The holders of the Series C Preferred Stock have preferential liquidation rights
over the holders of AIG's common stock, par value $2.50 per share, and, to the
extent permitted by law, vote with AIG's common stock on all matters submitted
to AIG's shareholders. The holders of the Series C Preferred Stock have
approximately 77.9 percent of the aggregate voting power of AIG's common stock
and are entitled to approximately 77.9 percent of all dividends paid on AIG's
common stock, in each case treating the Series C Preferred Stock as if
converted. The Series C Preferred Stock will remain outstanding even if the
Credit Facility is repaid in full or otherwise terminates. The Series C
Perpetual, Convertible, Participating Preferred Stock Purchase Agreement, dated
as of March 1, 2009 (the Purchase Agreement), between AIG and the Trust
restricts AIG's ability to issue or grant capital stock without the consent of
the Trust, with certain limited exclusions. The applicable terms and preferences
attached to the Series C Preferred Stock and the restrictions imposed by the
Purchase Agreement are more fully described in AIG's Annual Report on Form 10-K
for the year ended December 31, 2008 (the Annual Report). The form of
Certificate of Designations of the Series C Preferred Stock and the Purchase
Agreement are incorporated into this Current Report on Form 8-K by reference to
Exhibits 3.I.F and 10.91, respectively, of the Annual Report.
Section 5 - Corporate Governance and Management
Item 5.01. Changes in Control of Registrant.
As a result of the Transaction, a change in control of AIG has occurred.
Pursuant to the Purchase Agreement, AIG and AIG's Board of Directors are
obligated to work in good faith with the Trust to ensure corporate governance
arrangements satisfactory to the Trust.
Item 5.03. Amendments to Articles of Incorporation or Bylaws; Change in Fiscal
Year.
On March 4, 2009, AIG filed the Certificate of Designations of the Series C
Preferred Stock with the Secretary of State of the State of Delaware.

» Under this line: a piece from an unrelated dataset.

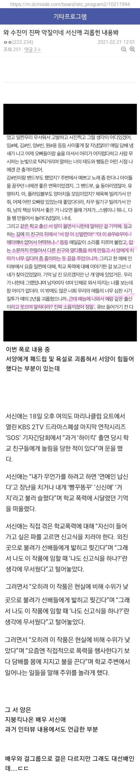 근데 서수진 데뷔초에 학폭 논란 있었음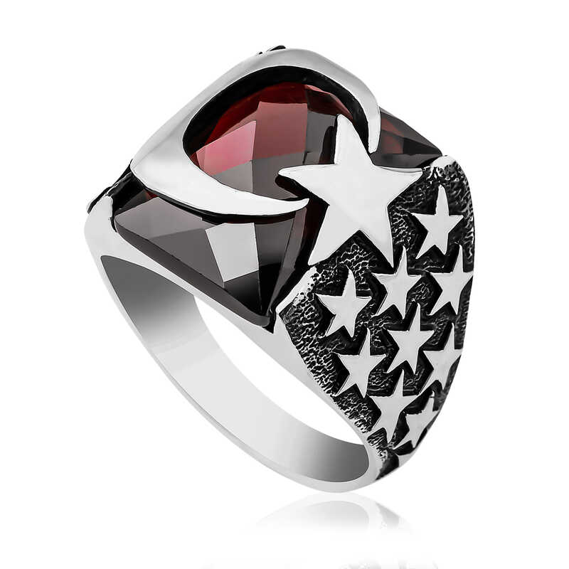 Crescent and star or crescent-star; ancient symbol consisting of a crescent and a star at the open end of the crescent. Flags using this symbol are mostly found around the Mediterranean, the Middle East and Central Asia. Today, it is mostly known as a symbol used on the flags of Islamic countries. The crescent-star symbol is on many flags, including the Turkish Flag. Although the Moon or Crescent is identified with the religion of Islam, it was also used in pre-Islamic times; Crescent-Star and Sun motifs have taken place in the pantheon of America, Europe, Anatolia, Middle East and Central Asia throughout history. BC in Central Asia. The Moon-Star and Sun motifs, which started from the rock paintings of the 5000s and were similarly depicted on later shaman drums, provide information about the universe design of the Asian Turkish-Mongolian peoples. But the first documents depicting the Moon and the Star together appeared in Mesopotamia in Sumerian cities in present-day Southern Iraq. The Sumerians were the first to use the Moon-Star motif, which consists of a clearly crescent in history. Sumerians, BC. They established the first state of history in Southern Iraq in 3000 BC and took a huge step in the construction of today's civilization. The Sumerian language was very close to Turkish. Their beliefs were also largely similar to the Turks. The symbols of the Sumerian Moon God “Nana-Suen” and the Sun God “Utu” or the Goddess Inana were shown together, making the first Crescent-Star duplication. This motif was sometimes embroidered on stone reliefs, sometimes on seals and sometimes on clay tablets, and has survived to the present day. Red cut stone crescent and star men's ring inspired by history; You can gift it to yourself or your loved ones on their birthday, father's day and special occasions. This stylish men's ring is made of 925 sterling silver. Oxide coating is made on silver. Oxide-plated rings have an authentic appearance. As with all men's rings, silver crescent and star men's rings are produced by hand. Due to silver and precious stones, there may be a deviation of ± 10% in the average product weight stated.

Section 9 - Financial Statements and Exhibits
Item 9.01. Financial Statements and Exhibits.
(d) Exhibits.
Exhibit 3.1 Form of Certificate of Designations of Series C Perpetual, Convertible,
Participating Preferred Stock, incorporated by reference to Exhibit 3.I.F
of AIG's Annual Report on Form 10-K for the year ended December 31, 2008.
Exhibit 10.1 Series C Perpetual, Convertible, Participating Preferred Stock Purchase
Agreement, dated as of March 1, 2009, between AIG Credit Facility Trust, a
trust established for the sole benefit of the United States Treasury, and
American International Group, Inc., incorporated by reference to Exhibit
10.91 of AIG's Annual Report on Form 10-K for the year ended December 31,
2008.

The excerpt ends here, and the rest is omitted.